>>

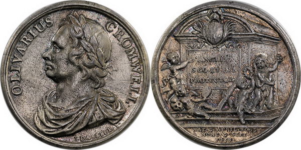 | Description: British Oliver Cromwell silver memorial medal (dated 1668) (20.65g). Deep old gunnmetal toned, surface a little pitted. Struck in 1731 by Jean Dassier, from his Kings and Queens of England series. gVF |
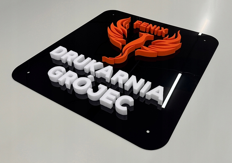 Zajmujemy się również produkcją tablic oraz szyldów na podstawie z plexi lub dibondu. Realizacje tego typu montowane są do ściany za pomocą ozdobnych dystansów montażowych lub bezpośrednio do ściany za pomocą kleju montażowego.
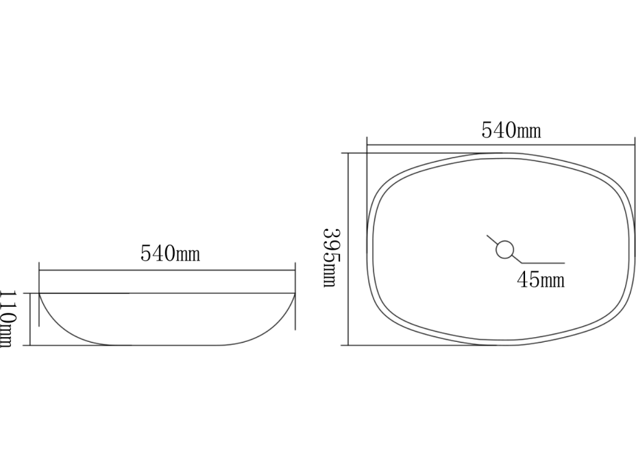 - Rozmer umývadla: 540 x 395 x 110 mm
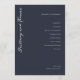 This wedding program features a sophisticated, modern design with a navy blue background and elegant white script typography. The layout is clean and organized, showcasing the ceremony details in a structured format that includes sections for procession, vows, unity ceremony, and recessional. The minimalist aesthetic creates an inviting and formal atmosphere, perfect for couples seeking a timeless and classic look for their special day.
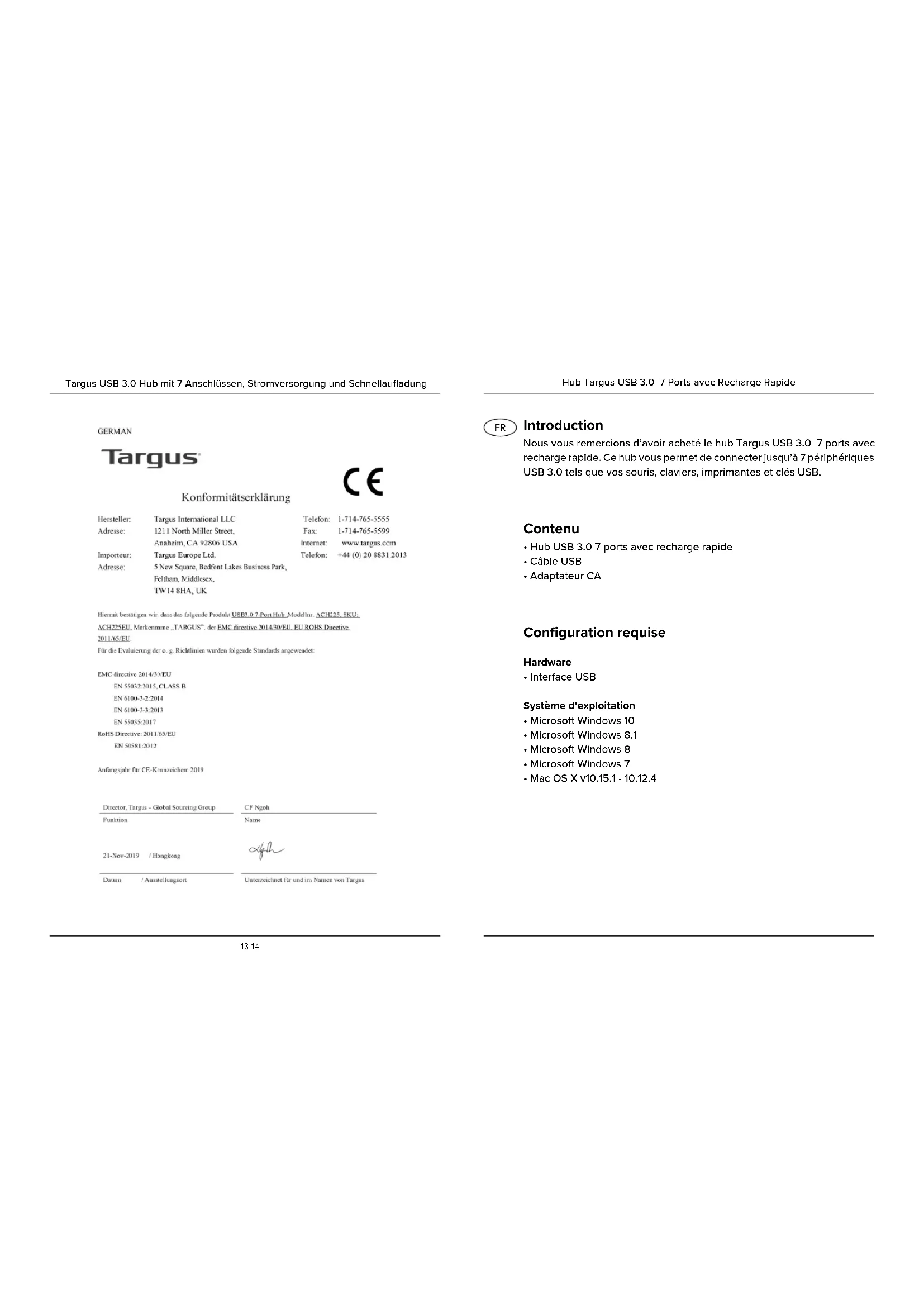 Hub Targus USB 3.0 7 Ports avec Recharge Rapide15 16 Hub Targus USB 3.0 7 Ports avec Recharge Rapide Connexion du hub à votre ordinateur Ce hub est un dispositif plug and play. Il fonctionne automatiquement lorsque le câble USB est branché à l’ordinateur. REMARQUE : SI L’ALIMENTATION EST INSUFFISANTE APRÈS LA CONNEXION DES PÉRIPHÉRIQUES USB AU HUB 7 PORTS, BRANCHEZ L’ADAPTATEUR CA AFIN DE FOURNIR PLUS DE PUISSANCE AUX PÉRIPHÉRIQUES. UTILISEZ UNIQUEMENT L’ADAPTATEUR CA FOURNI. L’UTILISATION D’UN ADAPTATEUR CA TIERS PEUT ENDOMMAGER LE HUB USB ET D’AUTRES PÉRIPHÉRIQUES USB CONNECTÉS ET ANNULER VOTRE GARANTIE. Adaptateur CA Notation électriqueEntrée: 100 - 240 V 50/60 HzSortie: 5V 4A ATTENTION : Utilisez uniquement l’adaptateur CA fourni. L’utilisation d’un adaptateur CA tiers peut endommager le hub USB et d’autres périphériques USB connectés et annuler votre garantie. Description des caractéristiques Hub Targus USB 3.0 7 Ports avec Recharge Rapide Port USB 3.0 en amont (se connecte au PC)Connecteur d’alimentation pour adaptateurCAPort USB 3.0Ports USB 3.0 avec recharge rapidePort USB 3.0Port USB 3.0DevantCôté CôtéArrière Ports USB 3.0

<<

In the records above, find the line that contains "Zajmujemy się również". Print it and every later line exactly, omitting the pictures.

 Zajmujemy się również produkcją tablic oraz szyldów na podstawie z plexi lub dibondu. Realizacje tego typu montowane są do ściany za pomocą ozdobnych dystansów montażowych lub bezpośrednio do ściany za pomocą kleju montażowego.
 - Rozmer umývadla: 540 x 395 x 110 mm
 This wedding program features a sophisticated, modern design with a navy blue background and elegant white script typography. The layout is clean and organized, showcasing the ceremony details in a structured format that includes sections for procession, vows, unity ceremony, and recessional. The minimalist aesthetic creates an inviting and formal atmosphere, perfect for couples seeking a timeless and classic look for their special day.
 Hub Targus USB 3.0 7 Ports avec Recharge Rapide15 16 Hub Targus USB 3.0 7 Ports avec Recharge Rapide Connexion du hub à votre ordinateur Ce hub est un dispositif plug and play. Il fonctionne automatiquement lorsque le câble USB est branché à l’ordinateur. REMARQUE : SI L’ALIMENTATION EST INSUFFISANTE APRÈS LA CONNEXION DES PÉRIPHÉRIQUES USB AU HUB 7 PORTS, BRANCHEZ L’ADAPTATEUR CA AFIN DE FOURNIR PLUS DE PUISSANCE AUX PÉRIPHÉRIQUES. UTILISEZ UNIQUEMENT L’ADAPTATEUR CA FOURNI. L’UTILISATION D’UN ADAPTATEUR CA TIERS PEUT ENDOMMAGER LE HUB USB ET D’AUTRES PÉRIPHÉRIQUES USB CONNECTÉS ET ANNULER VOTRE GARANTIE. Adaptateur CA Notation électriqueEntrée: 100 - 240 V 50/60 HzSortie: 5V 4A ATTENTION : Utilisez uniquement l’adaptateur CA fourni. L’utilisation d’un adaptateur CA tiers peut endommager le hub USB et d’autres périphériques USB connectés et annuler votre garantie. Description des caractéristiques Hub Targus USB 3.0 7 Ports avec Recharge Rapide Port USB 3.0 en amont (se connecte au PC)Connecteur d’alimentation pour adaptateurCAPort USB 3.0Ports USB 3.0 avec recharge rapidePort USB 3.0Port USB 3.0DevantCôté CôtéArrière Ports USB 3.0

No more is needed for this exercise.